[Date Prev][Date Next][Thread Prev][Thread Next][Date Index][Thread Index]
Thu, 12 Jan 2006 14:18:16 +0100
Gnus/5.110004 (No Gnus v0.4) Emacs/21.4 (gnu/linux)
Bas Wijnen <address@hidden> writes:
> I am indeed. :-) In some of my limited free time I'm currently trying to
> write a library for persistent applications, so I get a better feeling for
> what persistence is. The idea is to create applications which checkpoint
> themselves every now and then, can be aborted at any time (or made to
> checkpoint-and-abort as an atomic operation), and when restarted continue from
> their last checkpoint. I'm trying to design the database in a way that it is
> possible to "restart" the program with a new version of it, possibly keeping
> open the file descriptors so it doesn't even suffer from closed connections.
Did you look at libckpt and similar libraries (ad: I once wrote
pego which produces /portable/ checkpoints, unlike libckpt, but I'm
not sure it's interesting in this case ;-))?
File descriptors and capabilities are the main issue since they are
bound to state that is /external/ to the application (be it in the
kernel or in a server). In Fluke, the authors argue that kernel
state should be exportable to allow for the implementation of user-level
checkpointing. However, in a multi-server system, application state is
spread across a bunch of servers which would all have to make their
state exportable. But from the server viewpoint, restoring complex
state from an untrusted source is not a reasonable thing.
Furthermore, a protected capability system does not allow the disclosure
of the "bit representation" of capabilities, so checkpointing
capabilities themselves is a meaningful way is not something
applications can do on their own.
In EROS, the whole system (kernel - drivers + all the processes) is
persistent, so there is, I think, no such problem: each checkpoint
contains everything that's needed to restore the whole thing.

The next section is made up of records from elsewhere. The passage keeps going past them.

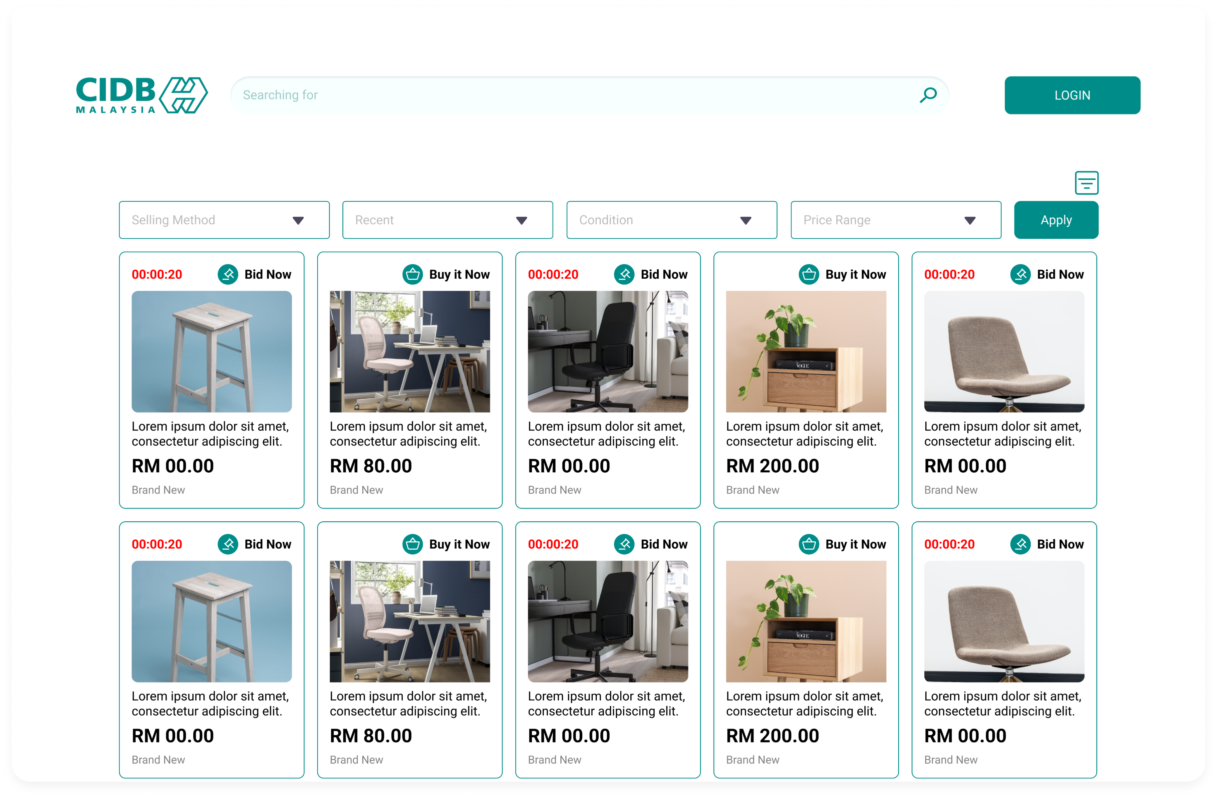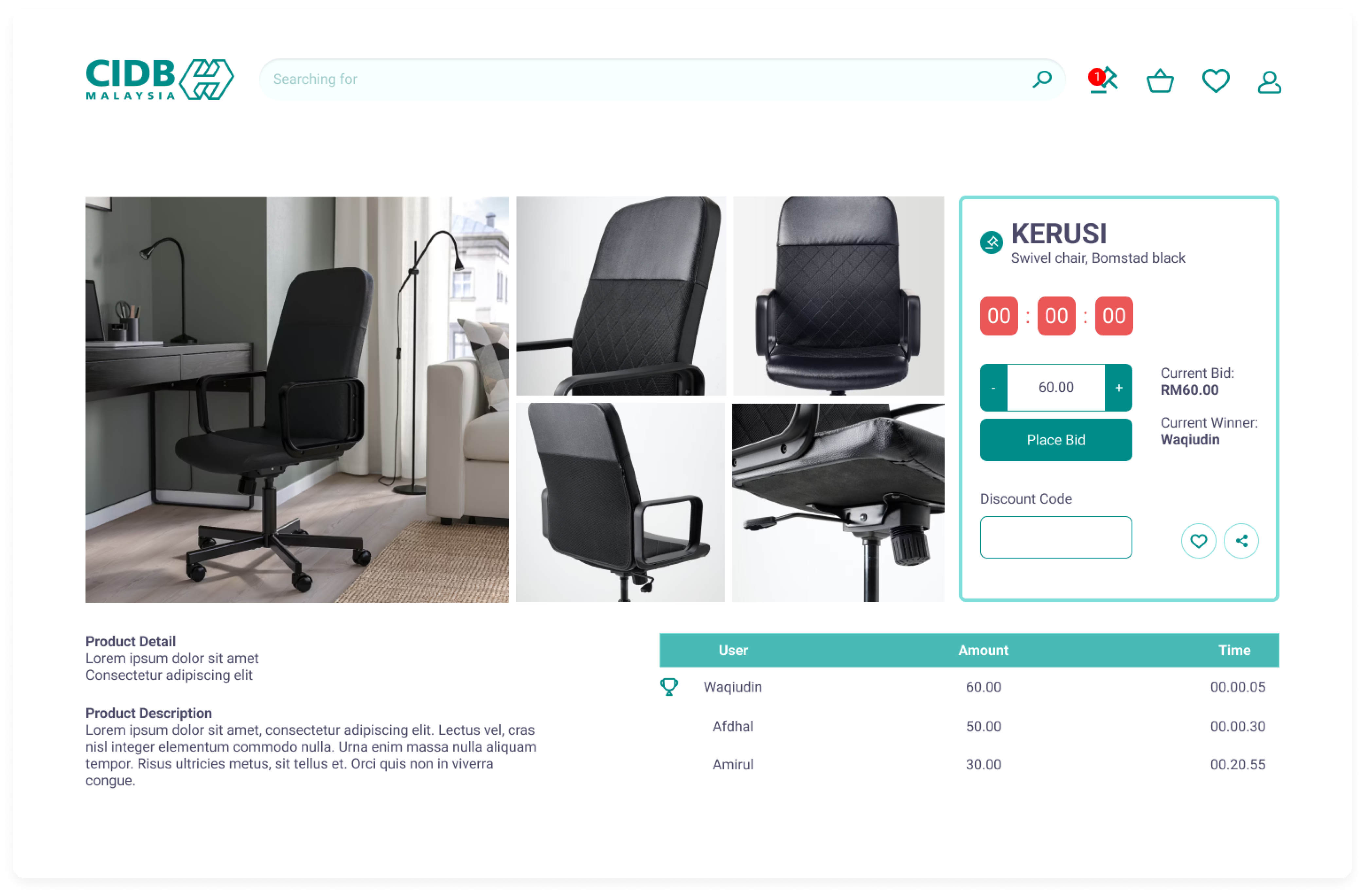 An online shopping platform for CIDB to sell their current assets which includes vehicle, furniture, computers, lighting and others. This system eases their process of selling their old assets to prepare for relocation to a new office building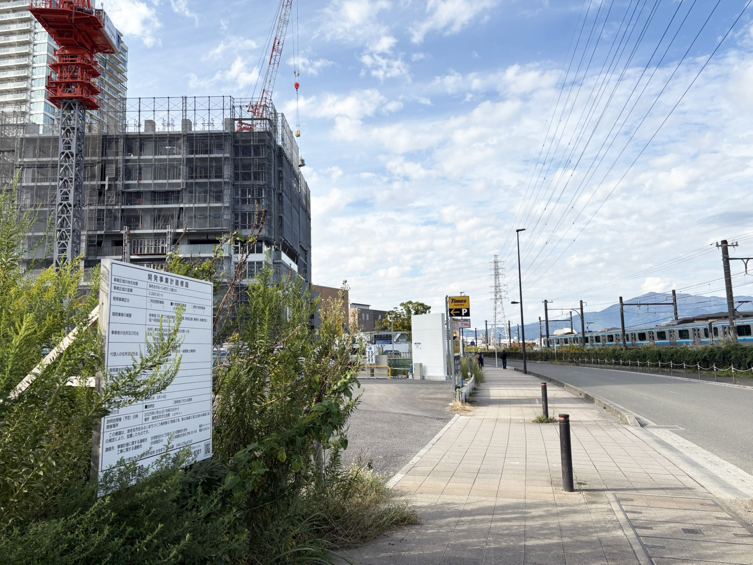 この「タイムズ海老名駅前第2」駐車場も、再開発の一環として工事区域に入るようです。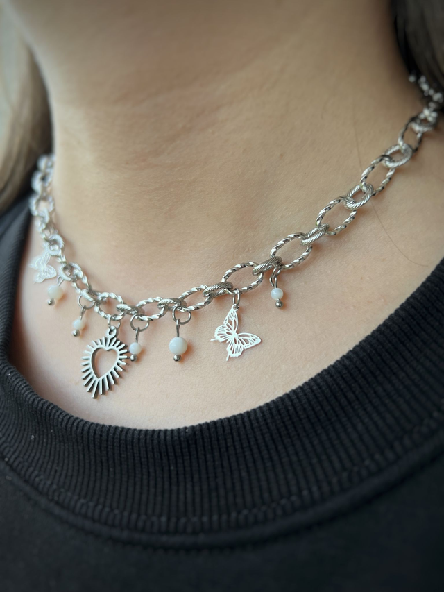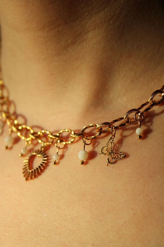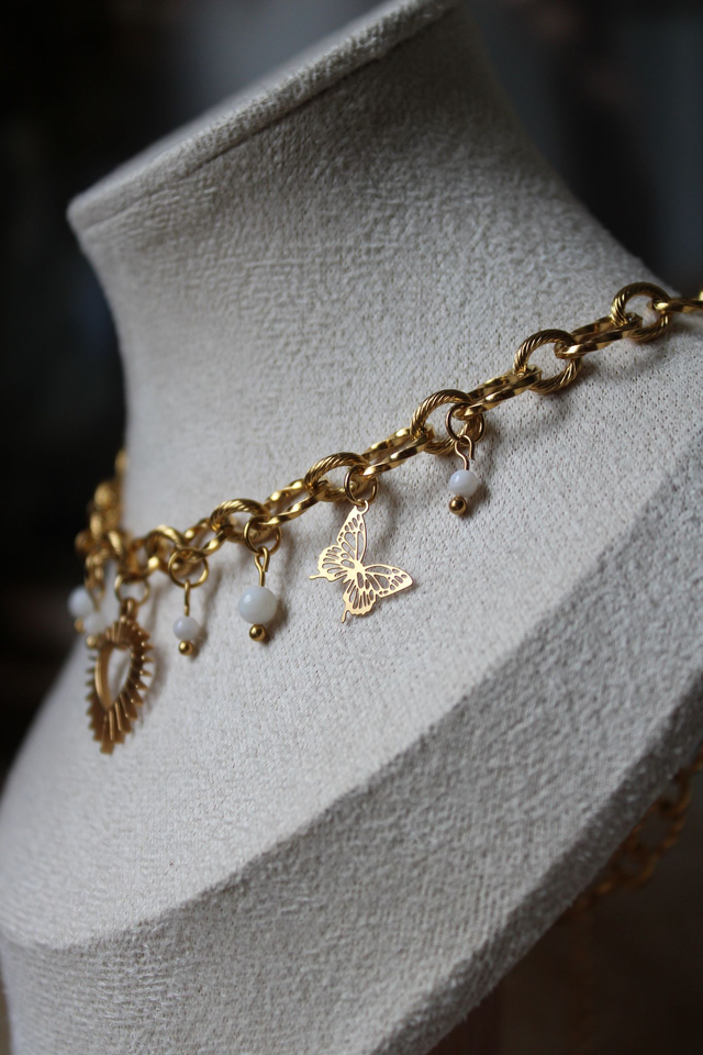 Bien plus qu’un bijou : c’est une déclaration d’amour envers vous-même. Orné d’un cœur pour symboliser l’amour, de papillons représentant la transformation et la renaissance, et de perles de coquillages évoquant la douceur et la résilience, ce collier vous invite à vous recentrer sur vous-même. Après chaque épreuve, il est essentiel de se retrouver, de se reconstruire et d’avancer avec confiance. Ce bijou délicat et poétique est un hommage à votre force intérieure et à votre capacité à renaître, encore et encore.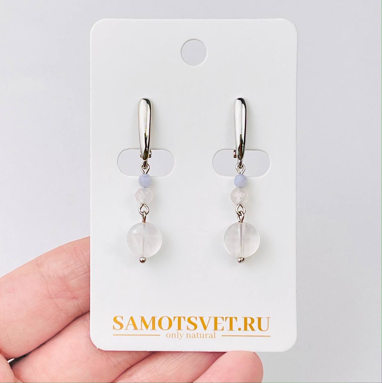 Радуга Самоцветов Серьги из Розового кварца и Голубого агата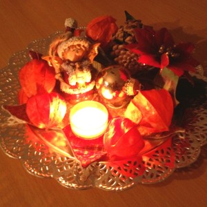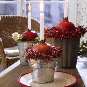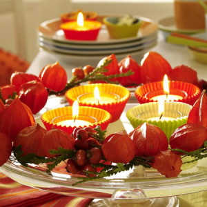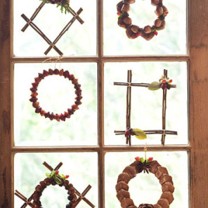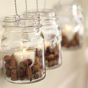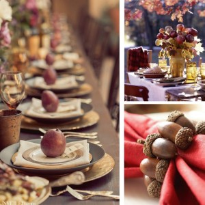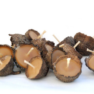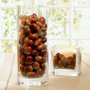 Прогуливаясь осенним лесом или парком, следует внимательней смотреть под ноги, так как именно там самые внимательные могут найти основу для своих поделок. Например, с шишек можно сделать оригинальное кольцо для салфеток. Желудям и орехам найдется место и на праздничном столе – ими можно украсить салфетку, поместить в стеклянную вазу или просто разложить на скатерти в произвольном порядке. При этом их можно покрасить золотой или серебряной краской. Также можно в стеклянный подсвечник поместить дары природы — орехи либо желуди и поставить в центр большую свечу.

The issue
of restoring capabilities and their associated state arises when trying
to make only part of the processes persistent.
One solution would consist in logging all the interactions between the
persistent world and the non-persistent world in order to replay them
upon recovery, but that's quite ugly IMO. Instead, maybe special
support from the capability system could solve that.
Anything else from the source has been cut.